You keep mentioning ‘morally’ please stop cos you clearly don’t have any. 60% of everything when you didn’t pay deposit or mortgage? He did, it was a very short marriage, you’ve no dependents that stopped you working and earning more. I do think legally you are entitled to something as your name is on the mortgage but don’t let greed make you turn down a smaller percentage because anything you get would be a bonus.

“Why should I settle for less?”

Because you contributed less, you didn’t contribute 50/60% to the deposit or mortgage payments

Vettrianofan · 27/03/2024 07:30

"I’m not being greedy in this"

Thanks for the 🤣 this morning. It's been a stressful week so far. I needed this tonic this morning.

minniefresh · 27/03/2024 07:38

H90 · 26/03/2024 22:58

Thank you all for your responses and I appreciate all your replies. I’m not being greedy in this, it’s literally my entitlement being a 50% joint owner on the property with a large equity. I will contact another solicitor for advice tomorrow and see what they have to say.

You are absolutely being greedy and should be embarrassed. Why on earth should your husband set you up for life after such a short relationship?

You're giving women a bad name with your attitude, you should be ashamed. Move back in with your parents or get a room in a house share.

Marriage should not be used to get on the property ladder. Pathetic and desperate of you to think it will.

WoodBurningStov · 27/03/2024 07:45

It's a short marriage and if he can prove he supplied the deposit i hope you do get 50% of any remaining equity after he's got his deposit back. Which imo is right and fair.
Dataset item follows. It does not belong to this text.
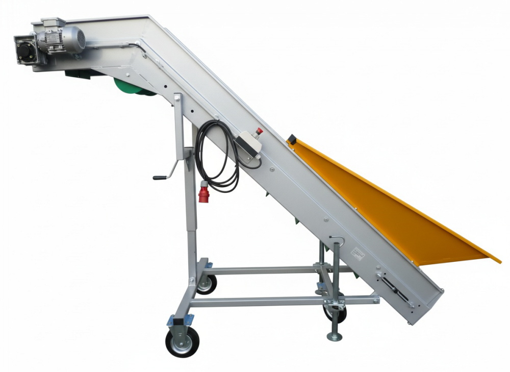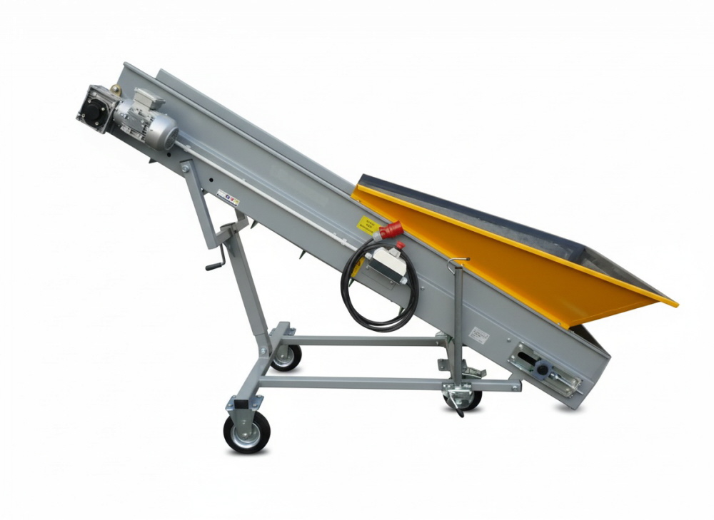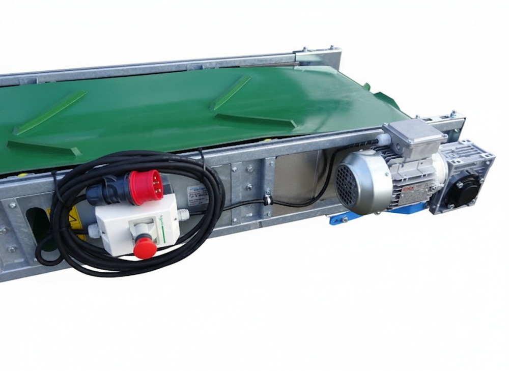 Unsere Förderbänder eignen sich für den Transport für Hackschnitzel, Getreide, Kartoffeln, Zwiebeln und andere Schüttgüter. Unsere Stollenbänder liefern wir in verschiedenen Ausführungen und Längen. Ein CEE-Gerätestecker ist zum Anschluss an der Maschine verbaut.

I can see why he left if your attitude towards this is you should get 60% of everything after contributing very little. You sound grabby and entitled. Not a nice trait in a person. If I was in his shoes I'd be gutted at your attitude.

arethereanyleftatall · 27/03/2024 08:05

Be very careful here op.

Solicitors are paid by the minute for the work they do.

It could very well be the case that you have found a solicitor who is simply telling you what you want to hear, because the more work they do, the more they get paid.

They get paid regardless of whether the courts reject your 60% equity request on the basis that it's absurd. (And actually pretty horrible to want half of his own parents deposit money).

I get that you 'want' a house. Doesn't everybody? But life doesn't work like that. If you want a house, then you need to earn a house.

Mrsttcno1 · 27/03/2024 08:10

I cannot stress enough that you need to speak properly with a solicitor, paid for time, to get the full picture. With only 18 months married the courts are far more likely to depart from the typical needs based factors and simply put you back to where you both were before marriage. You couldn’t afford to house yourself before, so they have no obligation to give you money to house yourself now.